By 1959 I had become a final-year medical student, and I once found myself responsible for a teenager who had been admitted to a medical ward with hepatitis. After a few days of enforced total bed rest – the standard management of the condition – his spirits and energy returned and he asked me to let him get up and around. I felt I needed to have a look at relevant evidence to guide my response to his request. I went to the library and came across a remarkable report (Chalmers et al. 1955) for which the lead author was Tom Chalmers (Dickersin and Chalmers F 2014). A meticulously conducted randomized trial had made clear that there was no good evidence to justify requiring hepatitis patients to remain in bed after they feel well. Armed with this evidence, I convinced my supervisors to let me apologize to my patient and encourage him to be up and about as much as he wished. His subsequent clinical course was uneventful. That report of a (factorial) randomized trial challenging the validity of two standard treatments for hepatitis – bed rest and low fat diet – helped to change my career (Sackett 2008).

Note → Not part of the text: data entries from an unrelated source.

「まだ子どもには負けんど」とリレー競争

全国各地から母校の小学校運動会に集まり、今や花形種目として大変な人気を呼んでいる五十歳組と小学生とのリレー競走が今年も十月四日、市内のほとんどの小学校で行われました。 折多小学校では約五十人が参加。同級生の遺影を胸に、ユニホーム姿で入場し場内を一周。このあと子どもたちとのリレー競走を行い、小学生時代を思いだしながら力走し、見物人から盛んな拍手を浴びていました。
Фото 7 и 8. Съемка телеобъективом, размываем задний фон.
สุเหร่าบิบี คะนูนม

During my post-graduate training in internal medicine, the better I became at diagnosing my patients’ illnesses, the more frustrated I became at my profession’s collective ignorance about how I should treat them, or whether I should treat them at all. I came to the conclusion that there were four things wrong with the way that the experts were using their clinical observations to decide whether a treatment did more good than harm. More precisely, I was worried that these four ‘wrongs’ destroyed our ability to make ‘fair comparisons’ of the effects of different treatments. The validation of these worries both initiated and reinforced my decision to devote most of my career to randomized trials.

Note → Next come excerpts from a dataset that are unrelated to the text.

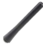
AN00435H26 Antena UHF/GPS STUBBY 136-174 MHz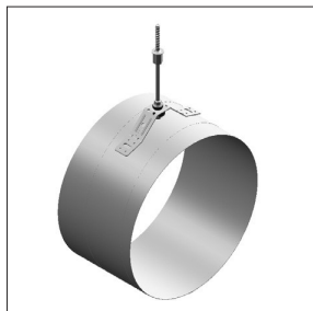
Soporte para conductos redondos insonorizado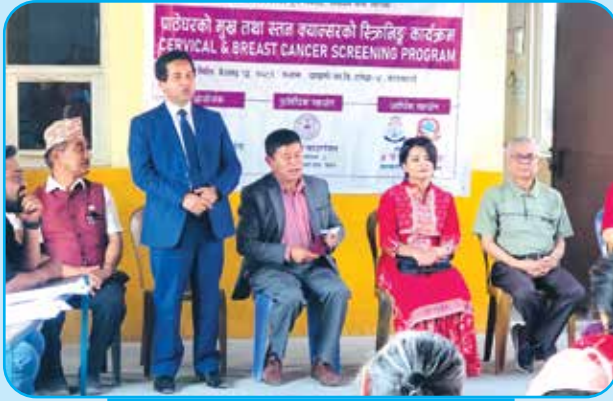
महिलाहरूको पाठेघरको मुख तथा स्तन क्यान्सरको स्क्रिनिङ कार्यक्रम वडा नं ४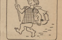
Do przodu... Do przodu... I duch tęga polskiego znanom...

Worry #1: I became worried that clinicians might preferentially give new treatments to patients with better prognoses.
One of my ‘rotations’ as a 1st year medical resident was the Admitting Clinic. I evaluated referrals from all over Illinois to assess whether they would be ‘good teaching cases’ for the medical and surgical services at our Research and Educational Hospital. My surgical resident colleague explained to me that they had two ‘general surgery’ services, and that they evaluated innovative operations by performing them on the ‘A Service’ (where he scrubbed) while continuing to perform standard operations on the ‘B Service.’
Although a perfect setting for randomization, when we examined a patient and found them suitable for one of their comparative studies, my surgical colleague decided where they went. Over time, I became convinced that he was preferentially admitting eligible surgical patients with sounder hearts, healthier lungs, and higher haematocrits to receive the new, promising operations on his ‘A Service.’ Thus sensitized, I began to pay more attention to the therapeutic recommendations for new, untested treatments I received from my senior consultants. Again, I concluded that, within the same illness, it was my healthier patients whom they considered ‘good candidates’ for the latest, untested treatment.
It was decades later that I was introduced to a very telling confirmation of this first concern. In New York City in the 1930’s, babies born into households that included members with pulmonary tuberculosis were at high risk of dying from the disease before their first birthdays. Although the BCG vaccine was already in use and touted as protecting such infants, a New York City public health team that included Margaret Sackett was skeptical about these claims. I do not know whether we are related, but I hereby claim to be her long-lost nephew because she carried out two BCG ‘trials.’ (Levine and Sackett 1946). In the first ‘trial,’ public health physicians were assigned batches of at-risk newborns and told: “vaccinate half of them.” The results were spectacular: the risk of dying before their first birthday was reduced by 80% among vaccinated babies.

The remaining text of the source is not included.